To determine the most conserved substitutions for free cysteines in the binding proteins, amino acid sequences were inserted into Phyre2, an online server for protein homology which runs an intensive BLAST search, giving a sequence homology output in FASTA format. Sequences for phosphate binding protein, potassium binding protein, glucose/galactose binding protein, alpha-klotho, and the parathyroid hormone receptor (N-termini) were inserted.
Compared to other binding proteins, alpha-klotho had the most free cysteines, requiring the most substitutions. Interestingly, glucose, potassium, and the parathyroid hormone receptor N-termini had no free cysteines, so only one substitution was made – inserting a cysteine to later bind to a coil. Both glucose and potassium binding proteins had their C-termini trimmed by 23 and 8 amino acids, respectively, a recommendation found in literature. To read more about how we mutated, trimmed, and identified residues for cysteine type immobilization refer to our protocol section.

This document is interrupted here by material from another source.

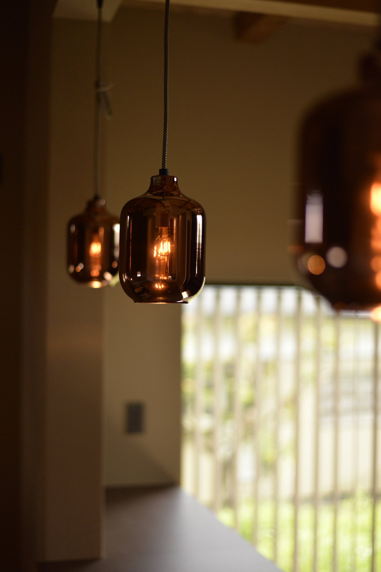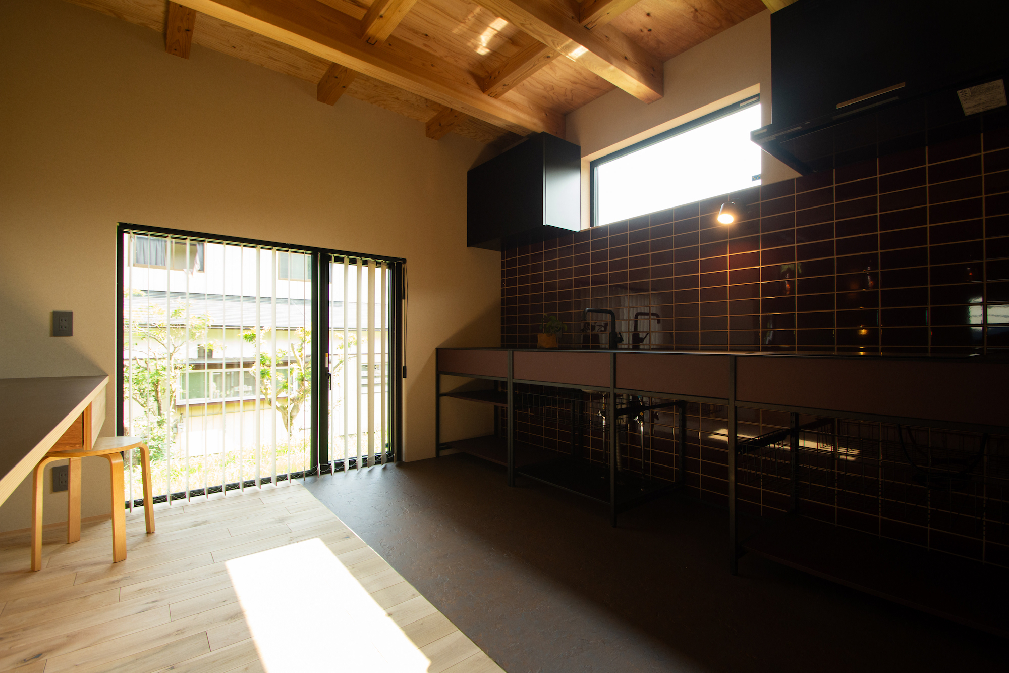 キッチンは壁付タイプを採用。深みのあるブラウンのキッチンタイルが印象的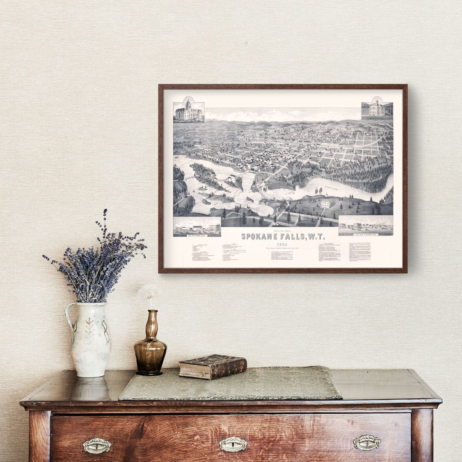 This beautifully restored vintage map of Spokane Falls from 1884 is a wonderful way to celebrate local history. Perfectly capturing the essence of Spokane County, Washington, this piece makes for an ideal gift for history enthusiasts or anyone with a fondness for the area. Whether you're looking to add some charm to your home or office, this piece's traditional design will fit right in.

After substitutions took place, mNeonGreen and mCherry were added to the N- and C- terminis of our binding proteins respectively, to allow for fluorescent detection of biomarkers. With phosphate binding protein, a 2 amino acid glycine-threonine linker was inserted between the fluorophores and binding protein, a recommendation from literature. It is worth noting that the parathyroid hormone receptor and alpha-klotho only have a N- termini fluorophore attached. This is because they are involved in competition type assays, with either PTH or FGF23 tagged with the partner fluorophore. More information on this may be found in our contributions or protocol pages.
Fluorescent binding protein constructs with mutations. Cysteine based substitutions were made after intensive homology searches for five biomarker binding proteins. From top to bottom; phosphate, potassium, glucose, PTH, and FGF23 binding proteins. Fluorophore(s) were added to the N- and C- termini’s. DNA basic and composite part sequences may be found on the ‘parts page’ on this wiki or the Registry of Standard Biological Parts.
The one remaining free cysteine on the surface of the binding protein was placed in a position opposite to the active site and away from the fluorophore tails, as to not interfere with either ligand binding or fluorescent activity. Cysteines were not added to areas of intrinsic disorder, as to avoid a binding that may be uncontrolled in spatial space, and further, avoid hindering protein conformational adjustments. Binding proteins with this cysteine were modelled using PyMOL, a molecular viewing software, to ensure that the substitution and cysteine would face away from the protein, towards solvent, and was free of steric clash. Interestingly, all of our cysteines were mutated onto an alpha helix residue facing towards solvent, regardless of the binding protein.